=== What you should do ===
First find the line with "В комментариях к", then reproduce it and all following lines of the data to the end, exactly and with no pictures, adding nothing.

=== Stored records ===

────────

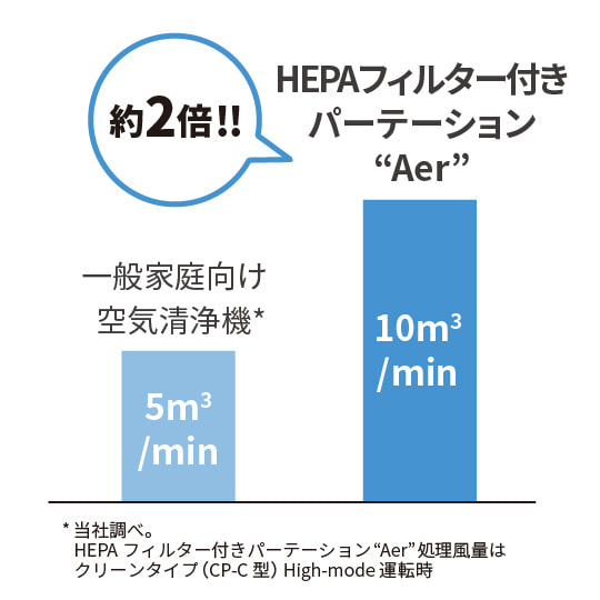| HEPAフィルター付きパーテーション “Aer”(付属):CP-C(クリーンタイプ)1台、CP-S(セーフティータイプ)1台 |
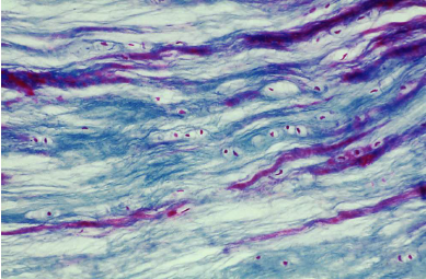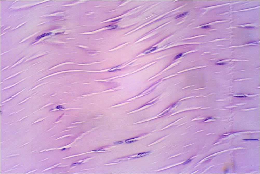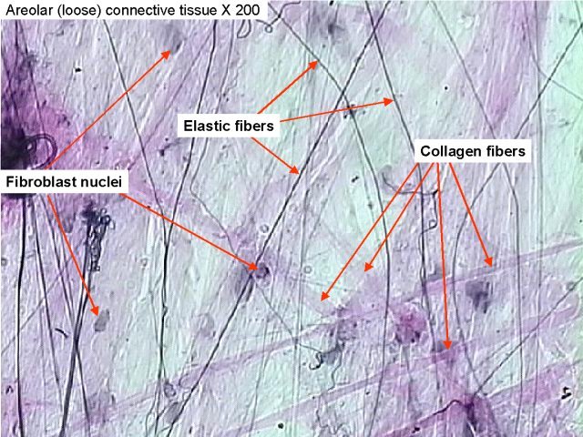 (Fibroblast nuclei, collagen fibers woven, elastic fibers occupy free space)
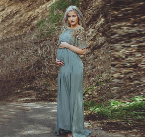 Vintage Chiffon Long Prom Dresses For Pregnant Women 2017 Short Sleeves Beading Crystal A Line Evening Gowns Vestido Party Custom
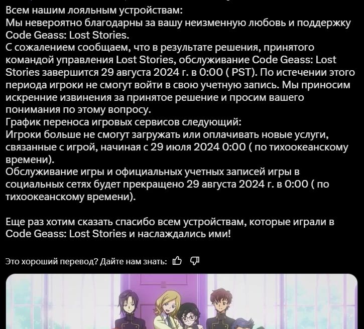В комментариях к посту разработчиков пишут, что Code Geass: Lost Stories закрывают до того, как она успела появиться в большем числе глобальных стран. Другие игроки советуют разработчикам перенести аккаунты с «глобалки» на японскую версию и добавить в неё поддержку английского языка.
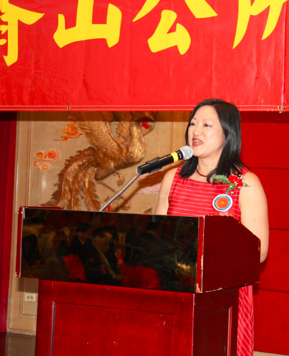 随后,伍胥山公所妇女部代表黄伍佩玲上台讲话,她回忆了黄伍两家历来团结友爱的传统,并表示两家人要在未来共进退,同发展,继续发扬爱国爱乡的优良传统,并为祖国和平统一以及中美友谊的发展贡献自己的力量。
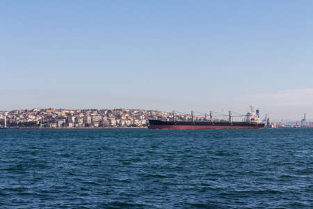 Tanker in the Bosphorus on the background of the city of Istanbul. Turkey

────────

=== Result of this task ===
В комментариях к посту разработчиков пишут, что Code Geass: Lost Stories закрывают до того, как она успела появиться в большем числе глобальных стран. Другие игроки советуют разработчикам перенести аккаунты с «глобалки» на японскую версию и добавить в неё поддержку английского языка.
 随后,伍胥山公所妇女部代表黄伍佩玲上台讲话,她回忆了黄伍两家历来团结友爱的传统,并表示两家人要在未来共进退,同发展,继续发扬爱国爱乡的优良传统,并为祖国和平统一以及中美友谊的发展贡献自己的力量。
 Tanker in the Bosphorus on the background of the city of Istanbul. Turkey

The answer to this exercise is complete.